While greater access and convenience are definitely advantages of teletherapy, it is not a cure-all. The technologically challenged and those without a computer or smartphone or internet access can’t connect so easily. And while research shows that teletherapy is just as effective as in-person therapy for many diagnoses, not every person or every mental health issue responds to remote treatment. And even for tech savvy people without access concerns, finding a private place in their own homes or someone to watch their kids while they step away for a therapeutic hour can be its own challenge.

The pandemic has made clear the importance of tending to one’s mental health. In Rose’s personal and professional experiences alike, she says, “I have come to learn that prioritizing one’s own mental health is more than just a luxury; it is a necessity. If we do not work to heal our unresolved wounds, practice taking care of ourselves and rewriting our narratives, if we do not mend our broken senses of self-worth and self-efficacy, we are most likely going to continue to exhibit the same maladjusted and self-sabotaging behaviors long into our lives. The pandemic has illuminated many of our preexisting mental and emotional wounds, but also added layers of grief, trauma, and isolation. Now, more than ever, seeking and accepting help for our mental health is of the utmost importance.”

Goucher is on board. In September the school hosted Fresh Check Day—“an uplifting mental health promotion and suicide prevention event … to create an approachable and hopeful atmosphere where students are encouraged to engage in dialogue about mental health.” Through the gift of an anonymous donor, the college launched the inaugural Goucher Advocates for Emotional Wellness Lecture this spring with Sonja Lyubomirsky, one of the world’s leading happiness researchers.

There’s no question the pandemic brought many mental health challenges with it.

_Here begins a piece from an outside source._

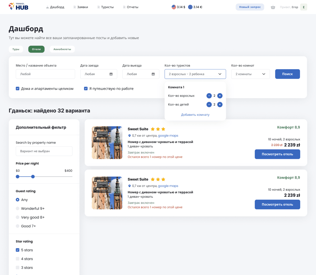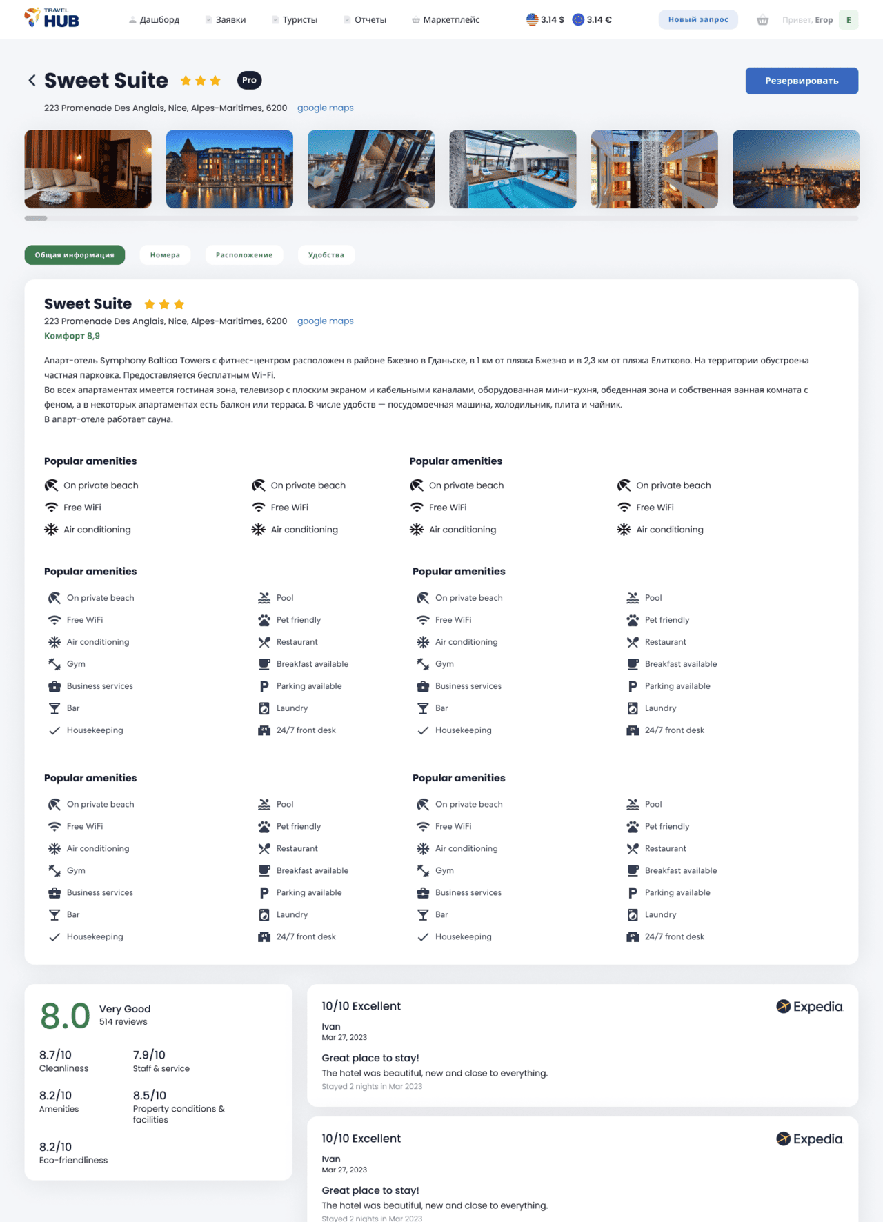 - Легкое бронирование жилья, билетов и других услуг

The silver lining is that the importance of tending to one’s mental health is finally getting its due.

And while there have been advances in teletherapy in the past two years, perhaps the greatest advances weren’t in the technology as much as in the willingness of therapists, who were practically forced to adopt a method of doing their emotionally demanding jobs with no reasonable notice—a method they had no training in, little to no experience with, and, especially, no interest in using—and they not only stepped up quickly, they did what they help their clients do each and every day: They kept an open mind, adapted, noticed what was working, tweaked what wasn’t, and adjusted to what is. Ultimately, they’ve all embraced it for the ways it’s allowed them to continue doing the work they’ve been called to do.